Fixed single parameter thresholds do not use the available information to its full potential, because of their limitation to incorporate multiple (perfusion) parameters as well as their limitation to show the certainty of predicted ischemia; a voxel is classified as either completely healthy or not, regardless of its proximity to the defined threshold or the value of the other perfusion parameters [4, 6, 23]. Moreover, the existence of a universal pathophysiological cutoff value to determine the final tissue state is questionable due to oversimplification [4, 5].

For a logistic model with four perfusion parameters, we showed that the precision and recall of the probability map are better than that of the individual perfusion maps. The precision-recall curve of a probability map that follows from a logistic model with a single perfusion parameter is identical to the precision-recall curve of the perfusion parameter itself. Therefore, the inclusion of multiple perfusion parameters in a logistic model improved the model. However, we have not compared the probabilistic volumes following from our multivariable logistic model with probabilistic volumes following from single variable logistic models. Instead, we have tested the multivariable logistic model against single variable thresholding because in the current clinical setting, thresholds are typically applied to single perfusion maps.

A strength of our study is that data was used from two different multicenter trials with multiple CT vendors and was divided into a training and test patient group, which gives generalizable results. The data also included small and large follow-up infarct volumes. Our analysis has strengths as well. First, the validation with three CTP processing methods demonstrated the translatability of our method of probabilistic classification. Second, we compared the predicted volumes of both methods next to a voxel-wise comparison—as represented by the precision-recall curve—because the final infarct volume is characterized as pivotal in determining functional outcome [20, 21, 24].

Several limitations to our study should be noted. First, NCCT was used as follow-up imaging method since better methods such as diffusion-weighted MR imaging was not generally available for our data. For patients from the MRCLEAN trial, the infarct was sometimes poorly visible on the follow-up NCCT after 24 h. Additionally, the centers in the MRCLEAN trial could adhere to their own acquisition and injection protocol, which introduces variability to the CTP results [25,26,27]. For the REC patient group, the ischemic core may have grown between the time of admission imaging and recanalization, especially for patients who received intravenous thrombolytic therapy. As a result, the ground truth maps for the REC patient group may cover substantial parts of the penumbra at the time of imaging. The resulting probability maps should therefore be interpreted as an estimation of the ischemic core at the time of reperfusion [6]. Also, for all patients, the ground truth map could be influenced by brain shift due to edema.

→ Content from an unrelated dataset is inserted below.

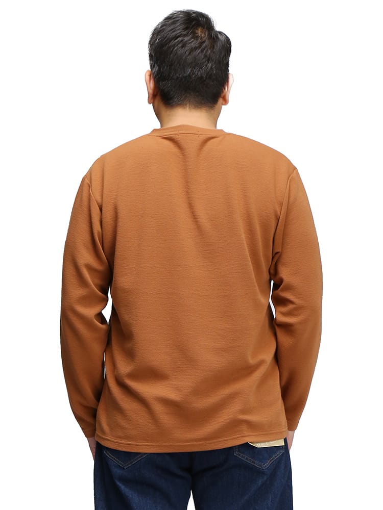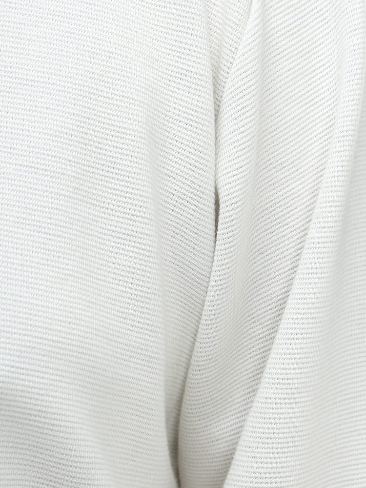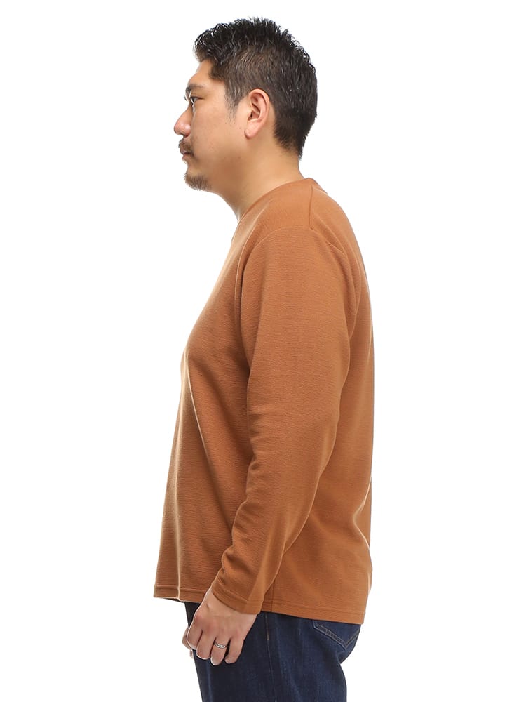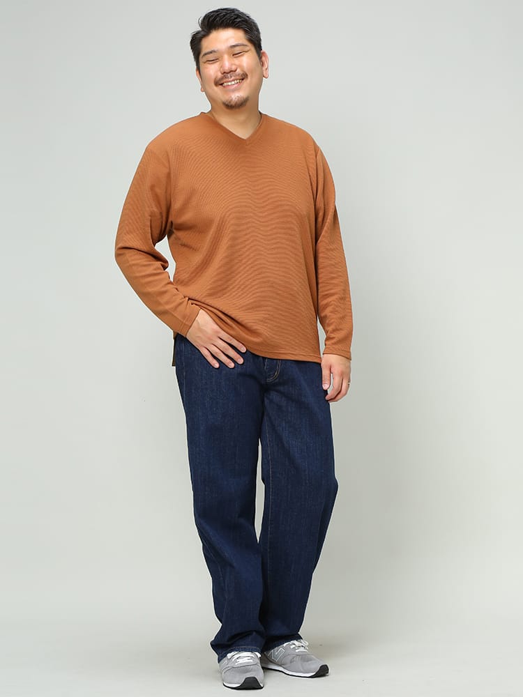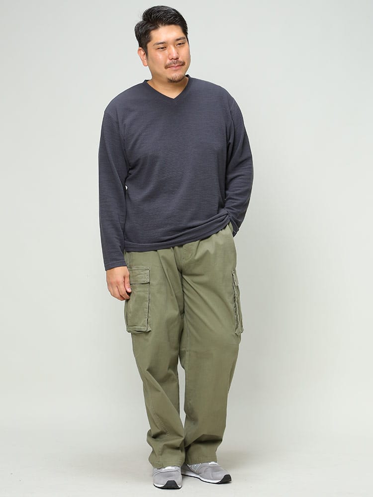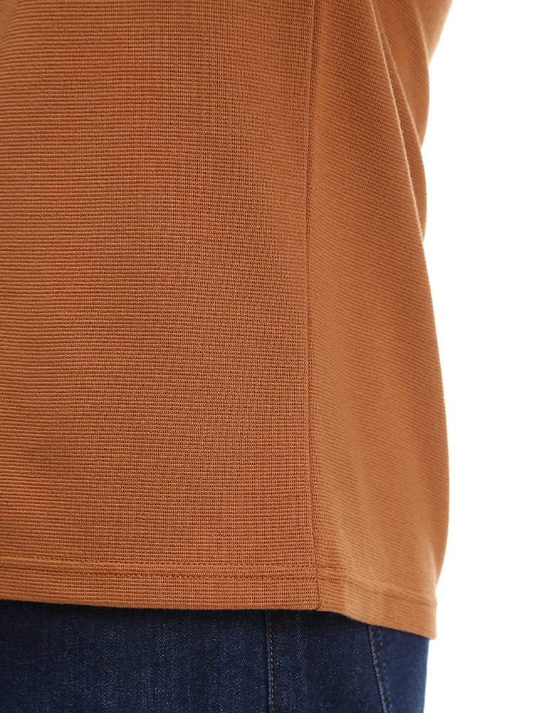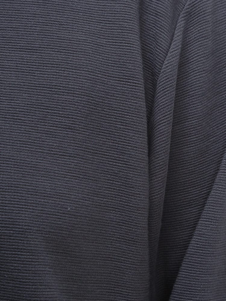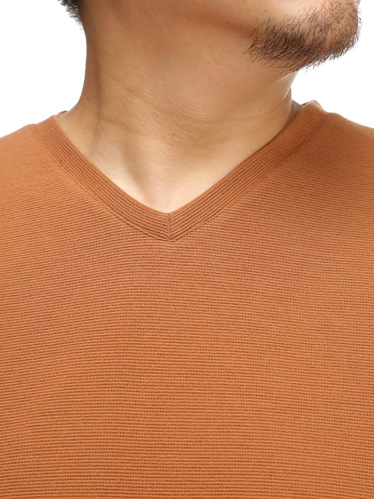 リップル Vネック 長袖 Tシャツです。浅めのVネックが、着る人を選ばない、幅広いコーディネートに使えるデザインとなっています。リップル生地の凹凸により、程よい通気性を出してくれるので蒸れなどを軽減してくれるつくりなのも嬉しいところです。シャツと合わせるもよし、ジャケットのインナーとしてもよしのオールマイティなTシャツです。

There are weaknesses to our analysis as well. First, class imbalance, although minimized by the choice of our sample space, can lead to low predictive accuracy for the class of ischemic voxels in both classification methods [17]. Second, regarding probabilistic classification in specific, the decision to include all four perfusion maps may not be optimal for logistic regression because of the correlation between the perfusion parameters. Third, we interpreted the probabilities as volume fractions and estimated the ischemic core and total hypoperfused region volumes by taking the difference between both hemispheres, but this approach may leave room for improvement. Fourth, relative values of the perfusion parameters were not studied both because relative perfusion parameter maps could not be exported from ISP and because no clear definition of relative values exists.

Conclusion

Multivariable probability maps outperform conventional CTP summary maps in estimating the follow-up infarct lesion, as observed on follow-up non-contrast CT obtained within 3 days. Clinically, an improved classification benefits the selection to treat acute ischemic stroke patients. Probability maps may provide an improved and standardized classification of ischemic regions in CTP stroke imaging.